If non-repeatability is an issue and it is not due to the setup of the laser or ambient vibration,  then it may be of interest to check the bearing clearances. This can be accomplished very easily with a laser. A little bit of information is necessary to accomplish this. We will need the following:

a) Acceptable bearing clearance and tolerances.

b) Distance between bearings.

c) Distance from the receiver of the laser system to the first bearing.

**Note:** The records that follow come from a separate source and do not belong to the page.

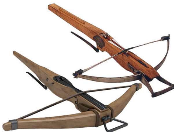
Рис. 14 Разновидности арбалетов.

Снарядом и для лука и для арбалета служила стрела – круглое, продолговатое древко, снабженное стальным, заостренным наконечником с одной стороны и оперением для другой. Тяжелый наконечник стрелы, кроме того что служил проникающим и поражающим элементом, наряду с оперением являл собой и элемент стабилизации стрелы в полете ( рис. 15 ).
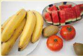
Déchets de peaux de fruits

Attention : assurez vous que la taille des déchets alimentaire est inférieure à 5 cm avant de les insérer dans le composteur.
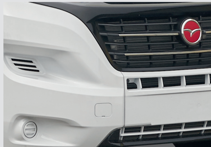
Pare-chocs avant peint (couleur carrosserie)

d) Rotalign® Ultra laser system.

For instance, suppose that the distance between bearings is 10 inches, the distance from the receiver to the first bearing is 5 inches, and the acceptable clearance is 4 mils. This means that with the shaft bottomed out in the bearing, there is a total of 4 mils of clearance available, or lift. With the receiver at the 12:00 o’clock position in XY-View, press the SET ZERO button. This will give you a zero reference for the values displayed on the sensor. Simply lift the shaft until it contacts the top of the bearing and record the Y value of the movement. With the above distances, we are allowed 4 mils/10 inches, (or 0.4 mils/1 inch), 10 inches being the distance between the bearings. From the receiver to the front bearing is 5 inches, so with a good bearing, we would expect to see another 2 mils/5 inches, (or 0.4 mils/ 1 inch). Add the two together and we get a total of 6 mils/15 inches. This means that if the lift of the shaft shows 6 mils of change at the receiver, the clearance is acceptable. If greater than 6 mils, clearances may be excessive.